1. How much severance pay am I entitled to? My tenure is just 10 months and I'm on unlimited contract.
2. I issued 4 checques for my apartment and my 4th checque is due soon. I am planning to ask the landlord if I can take back my checque and just pay him for 1 month. Any chance that they will agree? If I don't get a new job, I have no recourse but to end my tenancy contract and leave my apartment. Am I facing any legal issues with my landlord regarding this? Will I be prevented from leaving Dubai in that case?

Thanks for your responses.


----------



## Xpat (Nov 12, 2008)

Per RERA ("real estate law" )

Article 7
"If the tenancy contract is due and valid, it cannot be unilaterally terminated by the landlord or the tenant, unless both parties agree on such termination or in accordance with the provisions of this law."

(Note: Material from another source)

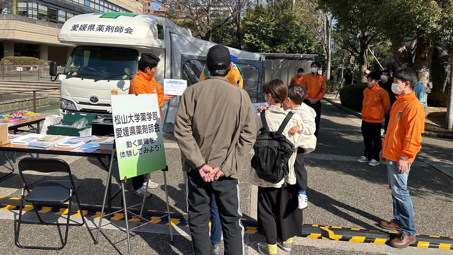 2026年3月1日(日曜日)に松山市総合コミュニティセンターで行われたあいテレビ主催のイベント「せーのっ!えひめ防災&健康フェスタ2026」に薬学部が愛媛県薬剤師会と協力して「動く薬局を体験してみよう!」のブースを出展しました。本学からは、4名の教職員と3名の学生が参加。当日は、少し汗ばむようなぽかぽか陽気の中、約450名もの方々にご来場いただき、大盛況にて終えることができました。当日、本ブースにお立ち寄りくださいました皆様、誠にありがとうございました。

So if silent on the issue of termination and consequences then the tenant will be liable for the "rent" for the full term...Landlords are now, more than ever, holding tenants to the provisions and not allowing any early termination without forfeiture...


----------



## nm62 (Dec 11, 2008)

Plzzz read the law no 16 (pg. 21- pg.24)...
Its a pdf file
http://www.zu.ac.ae/library/html/UAEInfo/documents/UAELabourLaw.pdf


----------